◆ TRY IT
Set down only the lines from the one containing "Never miss out" through the final line of the entries below, exactly as they stand, with no pictures.

◆ ENTRIES SUPPLIED
○ ○ ○
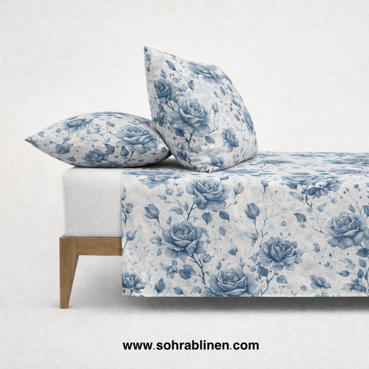 Crystal Blue Floral Bed sheet Set
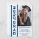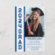 Modig och modern Grad-inbjudan fungerar för Mitten School, High School eller College. Känn din leende Grad med en banderoll i din blå och vita färg. Grad party info kan läggas till i grund! En del av Studenten! Samling, leta efter en hel serie Grad produkter.
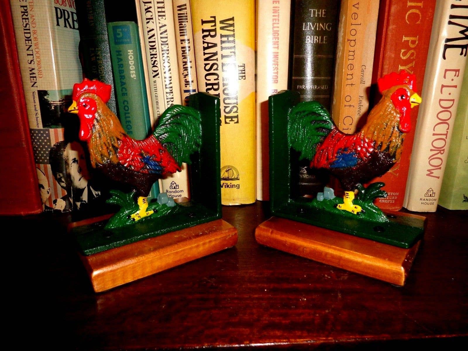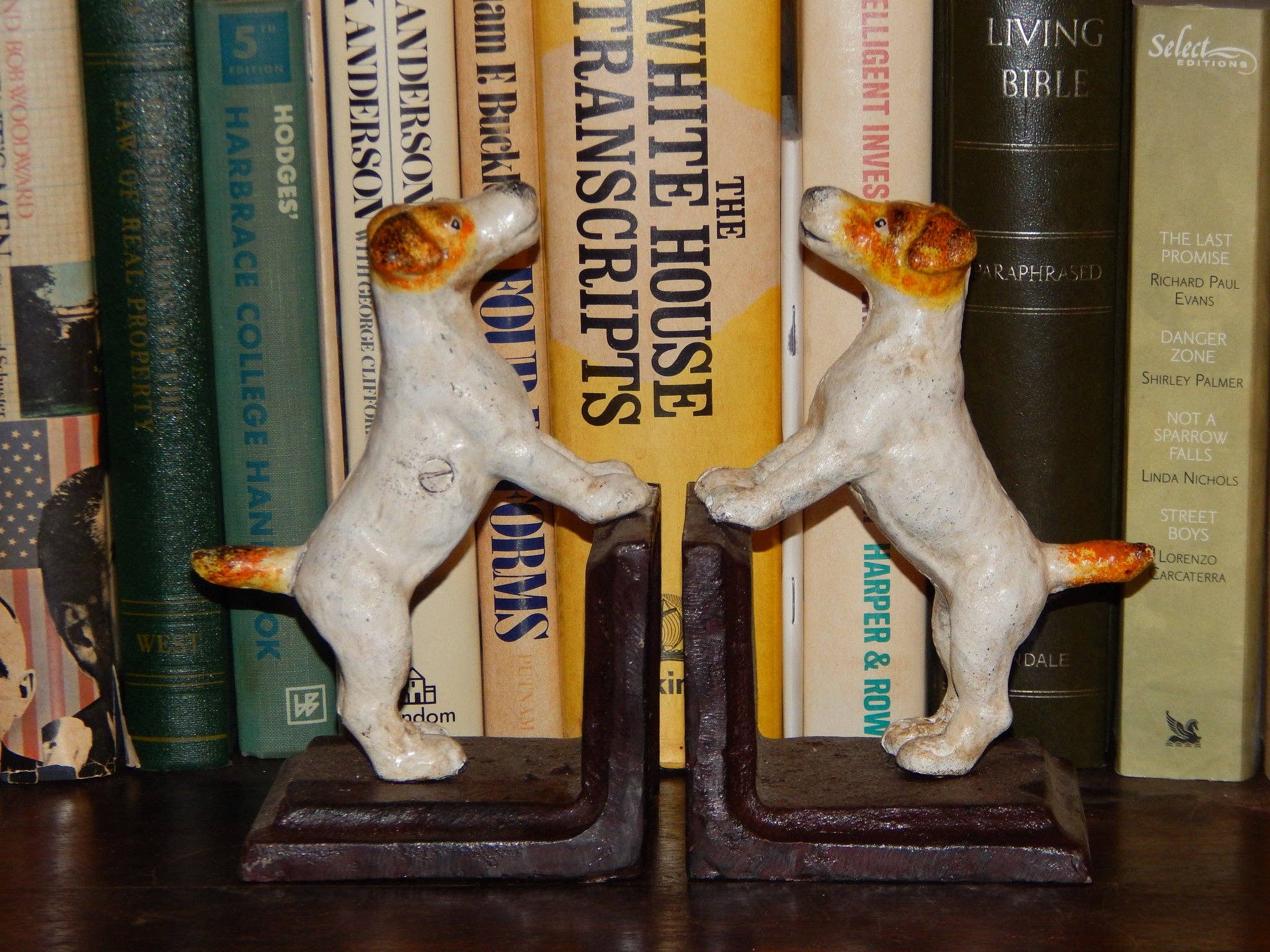 Cast Iron Bookends - Pair Vintage Dogs Pair of White Dog w/Ear Up bookends. These bookends are awesome and have a nice heavy fee. They are hand-painted. Bookends are nicely detailed. Height(Inches): 5.5 Length(Inches): 4.5 Depth(Inches): 3.5
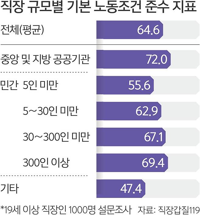 직장갑질119, 직장인 1000명 조사 노동조건 준수 56점… 평균 미달 “사업장 차별없이 법 동일 적용을”
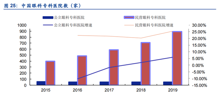 其中,民营眼科专科医院发展迅速,快速从2015年的397家增长至2019年的890家,年化复合增长率达到22.4%。
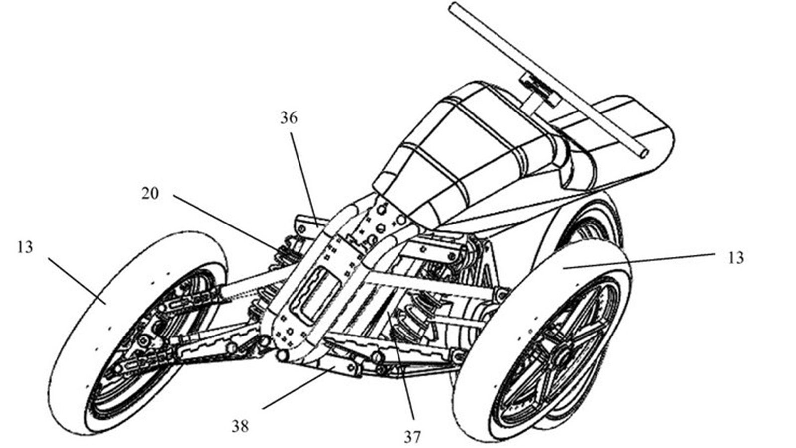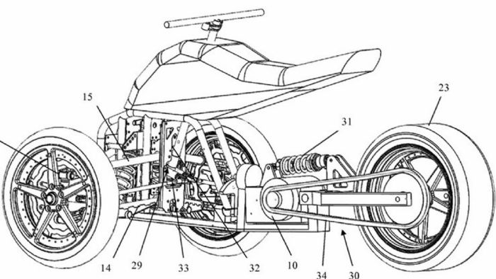 Συγκεκριμένα, στην πατέντα, εμφανίζεται ότι μόνο το εμπρός μέρος του οχήματος γέρνει στις στροφές, καθώς το πίσω θα παραμένει κατακόρυφο. Στην μέση του οχήματος, μπορείτε να δείτε την ειδική άρθρωση που θα το επιτρέπει αυτό, ενώ στον πίσω τροχό διακρίνεται ξεκάθαρα ένα ελαστικό με επίπεδο πέλμα, σαν αυτοκινήτου. Φανερώνει έτσι, φυσικά, ότι το πίσω μέρος το οχήματος θα παραμένει «όρθιο»
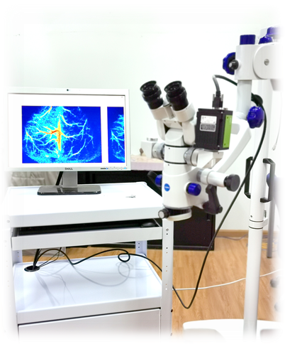 童善保和苗鹏团队研制了高分辨率激光散斑衬比成像技术,在手术显微镜设备上实现近红外相干光血流灌注成像和多波长重建血氧代谢成像功能。血管成像过程中不需要使用造影剂,具有高分辨率、大视野测量和实时高清显示的技术优势,解决了传统外科手术显微镜只能提供形态学观测,无法提供血流灌注和血氧代谢信息的瓶颈问题。已自主研发了具备无造影剂血流成像功能的神经外科手术显微镜,合作研发了具备ICG荧光和激光散斑成像的多模态腹腔镜产品。
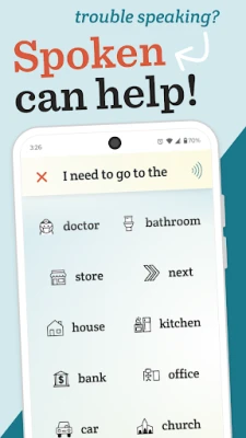 Never miss out on the conversation again. Spoken is an AAC (augmentative and alternative communication) app designed for teens and adults who have trouble speaking due to nonverbal autism, aphasia, or other speech and language disorders. Simply download the app on a phone or tablet and tap on the screen to build sentences quickly — Spoken speaks them automatically, with a wide variety of natural-sounding voices to choose from.
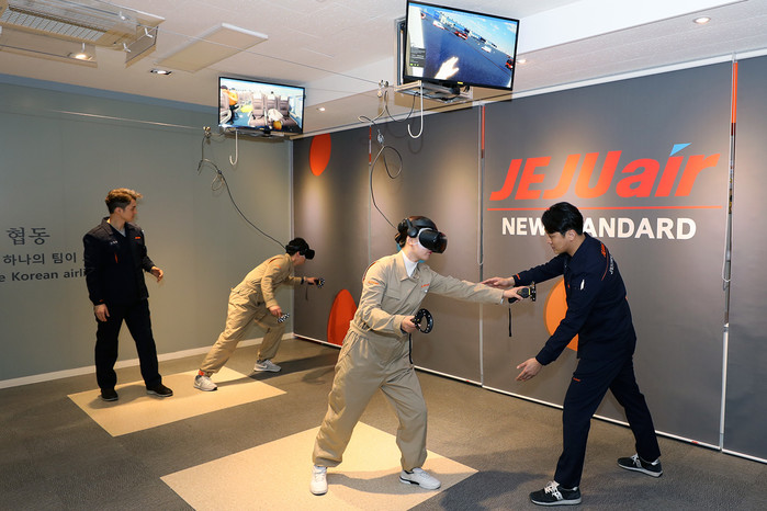 제주항공은 지난 1월부터 객실 승무원의 안전훈련에 가상현실 기술을 접목해 VR을 통한 훈련을 진행하고 있다.
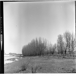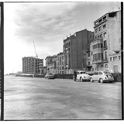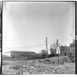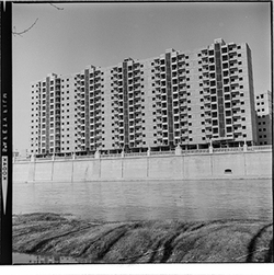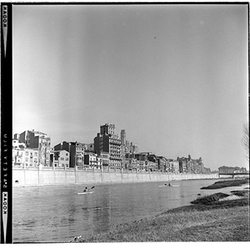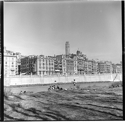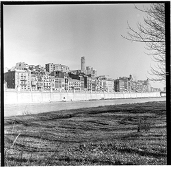 "Marge esquerre del riu Segre; al fons els blocs de l’Estació d’Autobusos, en construcció; 1965"
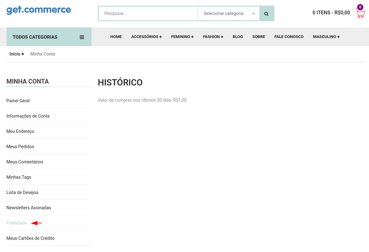 Descrição: Mensagem que será exibida na aba "Fidelidade" na página "Minha Conta" dos clientes:
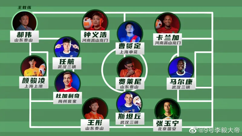 07月13日讯 前国脚李毅评选出中超第一阶段的最佳阵容,张玉宁&马尔康、卡兰加搭档锋线。
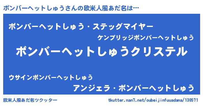 | 意味不明あだ名 | 『ボンバーヘットしゅうフォーエバー』 |
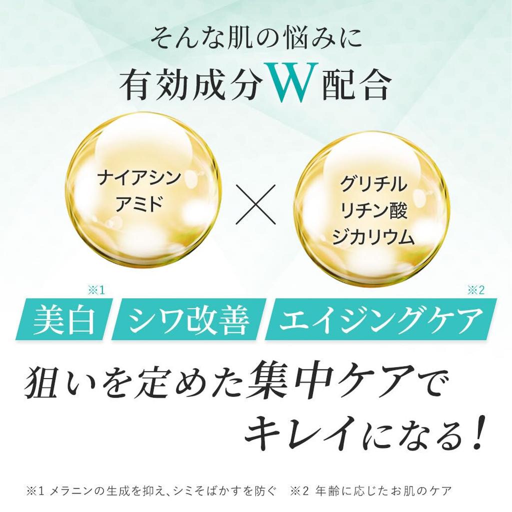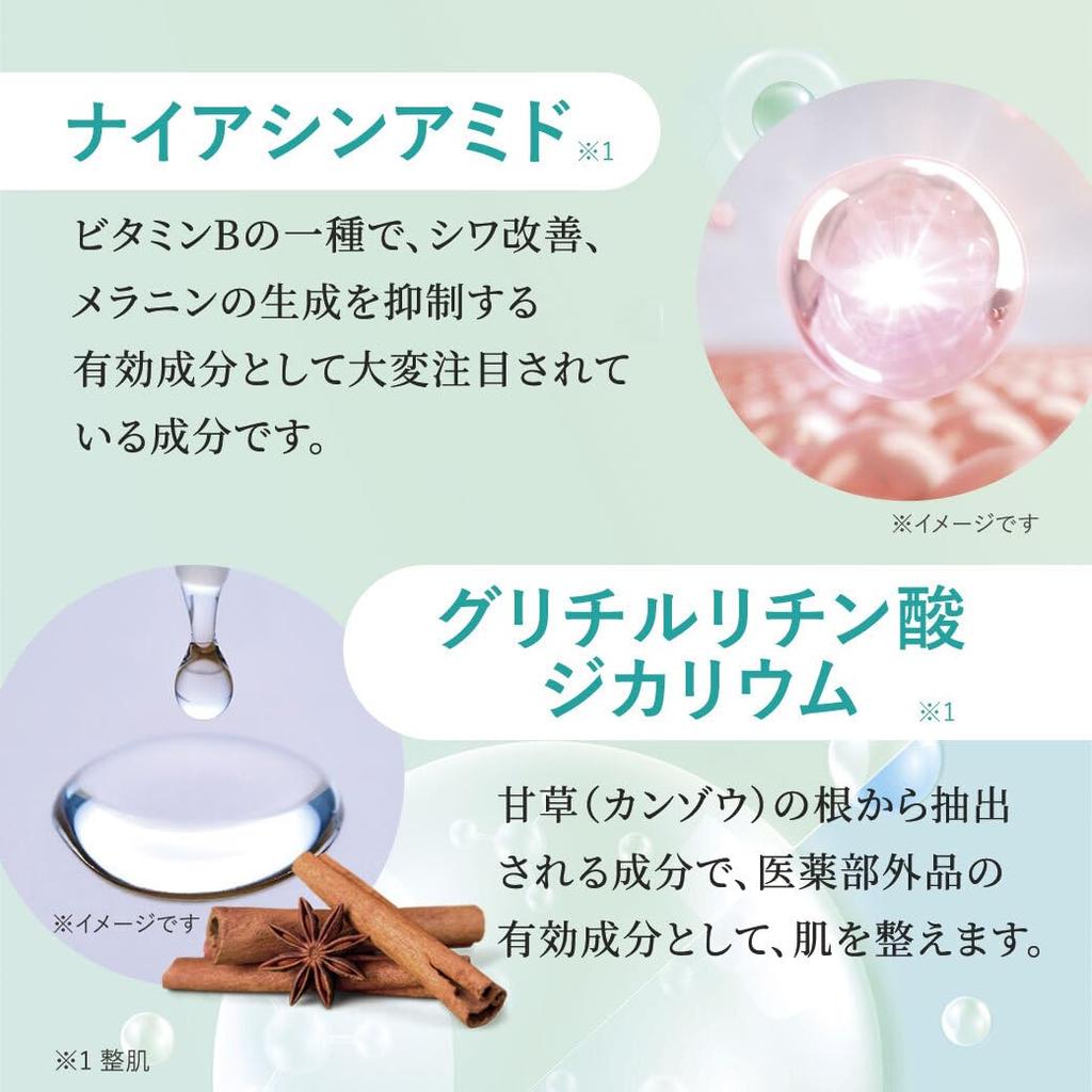 [Квазилекарственное средство для уменьшения морщин и отбеливания*1] Активными ингредиентами являются ниацинамид и дикалия глицирризинат, и эффективность этого косметического продукта признана в "уменьшении морщин и отбеливании**1." Этот нелипкий, легко распределяемый крем сохраняет вашу кожу увлажненной. *1 Подавляет выработку меланина и предотвращает появление пятен и веснушек.
○ ○ ○
◆ TASK ANSWER
 Never miss out on the conversation again. Spoken is an AAC (augmentative and alternative communication) app designed for teens and adults who have trouble speaking due to nonverbal autism, aphasia, or other speech and language disorders. Simply download the app on a phone or tablet and tap on the screen to build sentences quickly — Spoken speaks them automatically, with a wide variety of natural-sounding voices to choose from.
 제주항공은 지난 1월부터 객실 승무원의 안전훈련에 가상현실 기술을 접목해 VR을 통한 훈련을 진행하고 있다.
 "Marge esquerre del riu Segre; al fons els blocs de l’Estació d’Autobusos, en construcció; 1965"
 Descrição: Mensagem que será exibida na aba "Fidelidade" na página "Minha Conta" dos clientes:
 07月13日讯 前国脚李毅评选出中超第一阶段的最佳阵容,张玉宁&马尔康、卡兰加搭档锋线。
 | 意味不明あだ名 | 『ボンバーヘットしゅうフォーエバー』 |
 [Квазилекарственное средство для уменьшения морщин и отбеливания*1] Активными ингредиентами являются ниацинамид и дикалия глицирризинат, и эффективность этого косметического продукта признана в "уменьшении морщин и отбеливании**1." Этот нелипкий, легко распределяемый крем сохраняет вашу кожу увлажненной. *1 Подавляет выработку меланина и предотвращает появление пятен и веснушек.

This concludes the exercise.